Flink SQL> select * from t_user$lake;
+----+----+--------+-----+------------+----------+----------+----------------------------+
| op | id |   name | age |      birth | __bucket | __offset |                __timestamp |
+----+----+--------+-----+------------+----------+----------+----------------------------+
| +I |  1 |  Alice |  18 | 2000-06-10 |        0 |       -1 | 1970-01-01 07:59:59.999000 |
| +I |  2 |    Bob |  20 | 2001-06-20 |        0 |       -1 | 1970-01-01 07:59:59.999000 |
| +I |  3 | Catlin |  25 | 2002-06-10 |        0 |        2 | 2025-07-19 19:03:54.150000 |
| +I |  4 |  Dylan |  28 | 2003-06-20 |        0 |        3 | 2025-07-19 19:03:54.150000 |

At the first time, the two new records have not been synced into lake table. After waiting for a while they appear in the table.

The __offset and __timestamp columns for these two records are not the default values now. It shows the offset and timestamp when the records entered into the table.

  1. Inspect the Paimon Files

Open the Minio webUI, you will see there exists paimon files in the bucket.
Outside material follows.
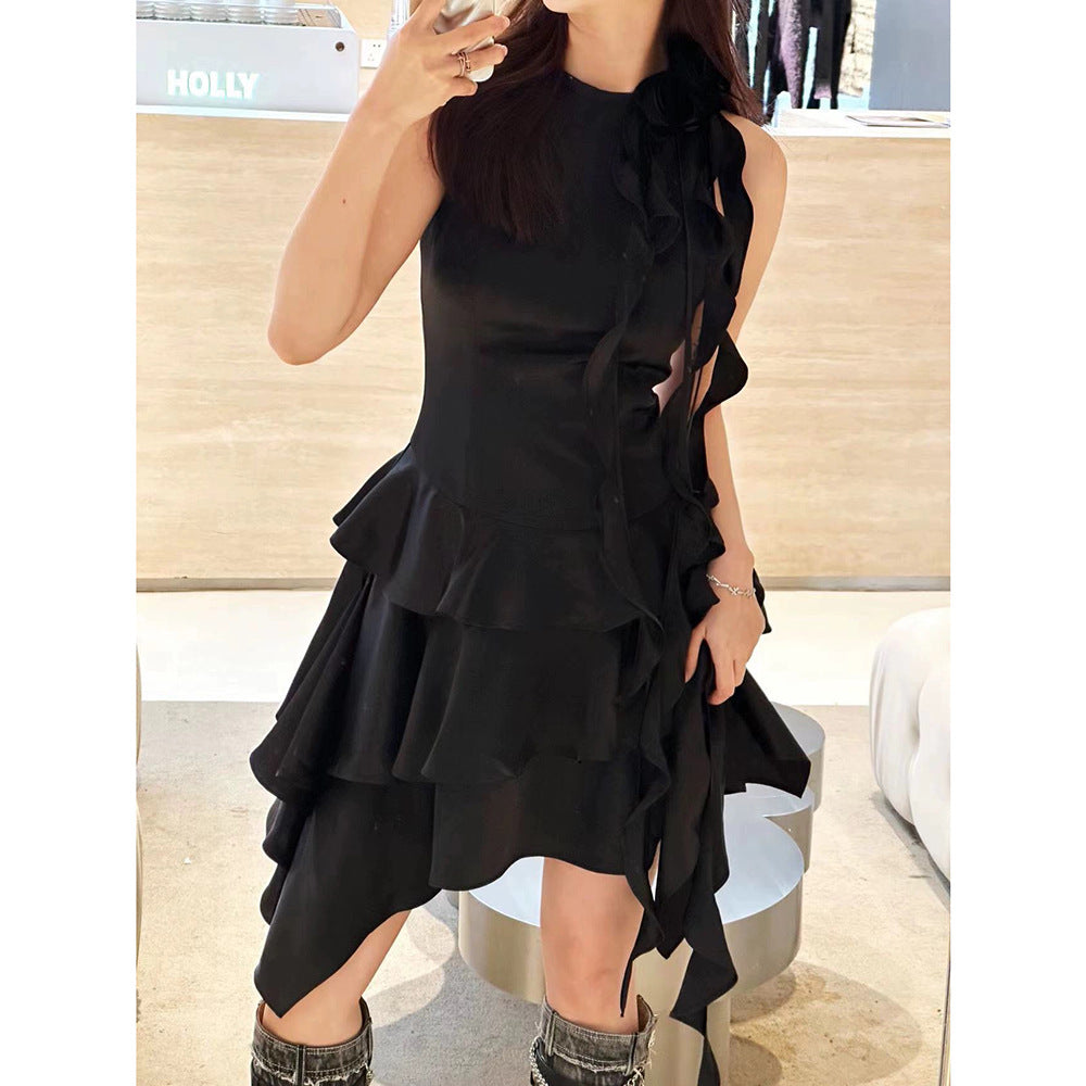New Sexy Lotus Side Flowers Hanging Neck Skirt Atmosphere Feel Flowing Sleeveless Short Dress

In your local filesystem, you can verify the Parquet files and manifest under /tmp/minio-data .

/tmp/minio-data ❯ tree .
.
└── fluss
    └── data
        ├── default.db__XLDIR__
        │   └── xl.meta
        └── fluss.db
            └── t_user
                ├── bucket-0
                │   ├── changelog-1bafcc32-f88a-42a6-bc92-d3ccf4f62d4c-0.parquet
                │   │   └── xl.meta
                │   ├── changelog-f1853f1c-2588-4035-8233-e4804b1d8344-0.parquet
                │   │   └── xl.meta
                │   ├── data-1bafcc32-f88a-42a6-bc92-d3ccf4f62d4c-1.parquet
                │   │   └── xl.meta
                │   └── data-f1853f1c-2588-4035-8233-e4804b1d8344-1.parquet
                │       └── xl.meta
                ├── manifest
                │   ├── manifest-d554f475-ad8f-47e0-a83b-22bce4b233d6-0
                │   │   └── xl.meta
                │   ├── manifest-d554f475-ad8f-47e0-a83b-22bce4b233d6-1
                │   │   └── xl.meta
                │   ├── manifest-e7fbe5b1-a9e4-4647-a07a-5cc71950a5be-0
                │   │   └── xl.meta
                │   ├── manifest-e7fbe5b1-a9e4-4647-a07a-5cc71950a5be-1
                │   │   └── xl.meta
                │   ├── manifest-list-8975f7d7-9fec-4ac9-bb31-12be03d297d0-0
                │   │   └── xl.meta
                │   ├── manifest-list-8975f7d7-9fec-4ac9-bb31-12be03d297d0-1
                │   │   └── xl.meta
                │   ├── manifest-list-8975f7d7-9fec-4ac9-bb31-12be03d297d0-2
                │   │   └── xl.meta
                │   ├── manifest-list-bba1f130-e7ab-4f5e-8ce3-928a53524136-0
                │   │   └── xl.meta
                │   ├── manifest-list-bba1f130-e7ab-4f5e-8ce3-928a53524136-1
                │   │   └── xl.meta
                │   └── manifest-list-bba1f130-e7ab-4f5e-8ce3-928a53524136-2
                │       └── xl.meta
                ├── schema
                │   └── schema-0
                │       └── xl.meta
                └── snapshot
                    ├── LATEST
                    │   └── xl.meta
                    ├── snapshot-1
                    │   └── xl.meta
                    └── snapshot-2
                        └── xl.meta

28 directories, 19 files
  1. View Snapshots

Users can also check the snapshots from the system table, by appending $lake$snapshots after thefluss table name.

Flink SQL> select * from t_user$lake$snapshots;

+-------------+-----------+----------------------+-------------------------+-------------+----------+
| snapshot_id | schema_id |          commit_user |             commit_time | commit_kind | ...      |
+-------------+-----------+----------------------+-------------------------+-------------+----------+
|           1 |         0 | __fluss_lake_tiering | 2025-07-19 19:00:41.286 |      APPEND | ...      |
|           2 |         0 | __fluss_lake_tiering | 2025-07-19 19:04:38.964 |      APPEND | ...      |
+-------------+-----------+----------------------+-------------------------+-------------+----------+
2 rows in set (0.33 seconds)

Summary

In this guide, we gave a concise overview of the Fluss lakehouse architecture, walked through a step-by-step local setup of both Fluss and Flink clusters, and showcased practical data-processing examples using real-time and historical data. Those steps give you practical experience with Fluss’s lakehouse architecture in a local environment.